Marc Antoine se tue piégé quand on lui annonce le suicide Cléopâtre.
Cléopâtre met en scène de sa mort tel celle d'un pharaon, le dernier pharaon. Elle deviendra mythe, cela transparait dans l'écriture de
Frédéric Martinez : "Du vent, tout ça : terrasser l'Hydre de Lerne, étouffer le lion de Némée, battre à la course des biches aux pieds d'airain et puis quoi encore ? du vent, des fables. Hercule et Dionysos pas davantage ne sauraient résister à Vénus en personne. La voici, fille de l'écume, surgissant des eaux de la Méditerranée. Elle a quitté les cimes improbables de l'Olympe pour faire une entrée fracassante sur la scène de l'Histoire. Qui mieux qu'elle pouvait l'incarner ? Cléopâtre a soigné les détails, passé un déshabillé antique du plus bel effet.
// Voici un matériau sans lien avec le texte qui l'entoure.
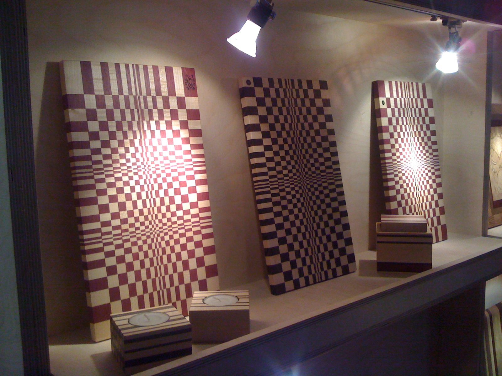 David makes objects, art, and mosaics. His medium is wood – exclusively. His works are all hand made, high-quality, one-of-a-kind, pleasant to the touch, and mesmerizing to the eye. He does not use any dies or stains or paint – each piece is its natural colour. He uses over forty different types of wood to some very dramatic results. The boxes have no metal hinges or felt interiors. The mosaics feel like they came from a single block. Truly remarkable.
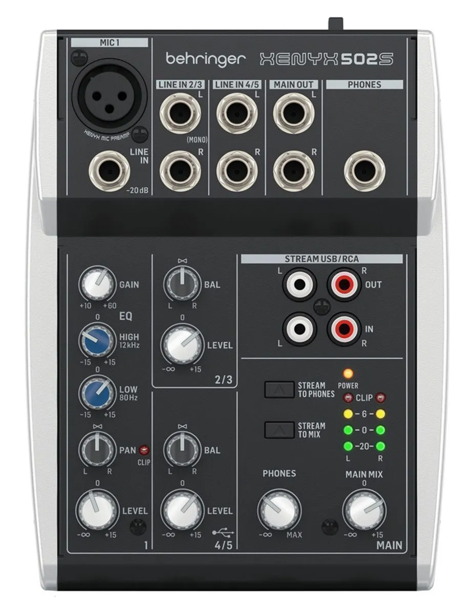 XENYX 502S является отличным партнером для любого динамического микрофона, улучшая ваш стриминг, подкастинг или запись с помощью микрофонного входа,  одновременно обеспечивая простое и супер-удобное управление кончиками пальцев.

Ce n'est pas une cliente de Rome qui navigue ce jour-là au large de Tarse, ce n'est pas même une reine : c'est une déesse."
Frédéric Martinez nous emmène dans un livre où tout brille comme dans la thalamège, le vaisseau royal "tout rutile et chatoie, Thalamegos, est un palais mouvant, un îlot de luxe dérivant sur le Nil. César n'est jamais monté à bord d'un semblable navire. La thalamège de Cléopâtre comprend de nombreuses chambres, des cours bordées de colonnades, des sanctuaires dédiés à Vénus et à Dionysos, des salles pour les banquets et réjouissances pourvues de plafonds à coffrages ou couvertes d'un dais pourpre. le décor est fastueux : couleurs vives, boiseries en cèdre et en cyprès, peintures et feuilles d'or. Des bustes royaux ornent les appartements. le style grec prime. Une des salles de banquet fait une concession au goût égyptien : pétales de lotus et feuilles d'acanthe décorent les chapiteaux des colonnes aux tambours noir et blanc. Un escalier rejoint les niveaux. Il est possible d'exercer son corps dans un gymnase, de cultiver son esprit dans une salle de lecture ou de se délasser dans une salle de repos, de prendre un bain dans une piscine en cuivre. La grotte artificielle et le jardin d'hiver offrent un refuge aux méditatifs ou aux amoureux transis égarés dans cette cour flottante."
L'écriture est d'une efficacité redoutable, les chapitres s'enchaînent à toute vitesse, le récit foisonne de détails.
Les éléments ne sont pas en reste : on sent le vent de l'Orient souffler sur les pages, la chaleur du désert brûle les doigts, le soleil rend Cléopâtre solaire, le Nil et la Méditerranée nous rafraîchissent.
Une fois le livre refermé...
une seule envie : s'y replonger comme pour le redécouvrir, comme pour y trouver de nouveaux détails, comme pour en faire une nouvelle lecture. C'est souvent le cas avec les Mythes ou les Tragédies.